The Liberal Democrats want us to vote for a party. Hannah Mary wants us to vote for her, and forget that embarrassing independence stuff, not to mention all the other nasty little secrets and lies the current Scottish Government has perpetrated or is attempting to sweep under that noxious table of theirs. That’s the table at which Hannah Mary will, of course, be sitting.
A table that wouldn’t pass any objective health and safety investigation. It’s a toxic so-called feast we’re being asked to partake of. The aroma of rotting chickens that have been roosting far too long. On the other hand, the LibDems, even if they do increase their share of the vote, as predicted, can do little but make polite noise.
So what to do? Who to vote for? Things are likely to get tetchy, not to say brutal as the vote gets closer. HMG has already had first minister John Swinney visit twice and various political kitchen sinks remain to be chucked at this campaign by the SNP. Maybe Emma will come out with Sullom Voe flarestack blazing and, along with a predicted national upsurge in LIb Dem support, help wipe that infamous Governmental table clean, ready to be reset with precision, care, compassion and insight.
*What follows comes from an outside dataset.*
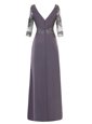 Home >  Prom Dresses >  Fashionable Prom Dresses > High End Grey V-neck Neckline Beading and Appliques and Ruching Prom Dresses Long Sleeves Zipper
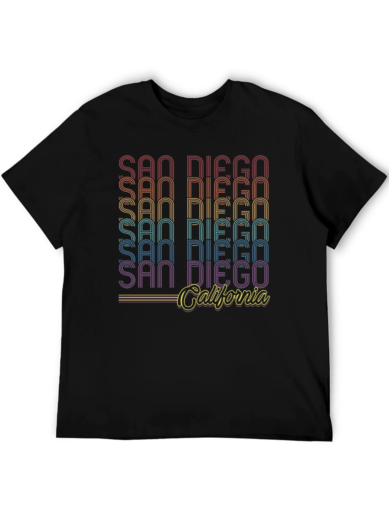 Show your love for sunny San Diego with this stylish graphic t-shirt! The shirt features a retro-inspired design with the words "San Diego" stacked in a vibrant, multi-colored gradient pattern. Below, "California" is written in a cursive font. Made from a comfortable fabric, this tee is perfect for everyday wear, whether you're exploring the city, hitting the beach, or just hanging out. Its classic fit and eye-catching graphic make it a versatile addition to any wardrobe. Get yours today and represent your favorite California city in style!

Or at least Emma will talk about it.
But she’s running out of time. Em or Han? HMG or EM?. Initial signs are that three beats two. But while HMG is the queen of social media, through which she has already fought an inspired and brilliant campaign, I think there is a deep-seated reluctance in Shetland, particularly among older people, to embrace change. This place has been a liberal stronghold since Jo Grimond took the Orkney and Shetland Westminster seat from the Tories 76 years ago. I’m guessing it will be close. The SNP threw everything behind a very good candidate last time and still failed.
And retiring Lib Dem MSP Beatrice Wishart has been a quiet source of sanity at Holyrood, protecting as best she could Shetland’s interests and notably – and bravely – standing up for the rights of the vulnerable in the assisted suicide debate. The only LibDem to do so. And an issue on which Emma has in my opinion chosen the wrong stance, and Brian Nugent and John Erskine the correct one.
In other respects, Emma is being promoted as the succession candidate. Is she? Has HMG peaked too early, annoyed too many with her entitled use of the town hall to launch her ‘manifesto’ and hilarious championing of Orkney and Shetland MP Alistair Carmichael as providing ‘critical ballast’ to her in Westminster?
Who knows? Secession or a sort of succession? It’s our choice come May. And it is all, to say the least, initially interesting.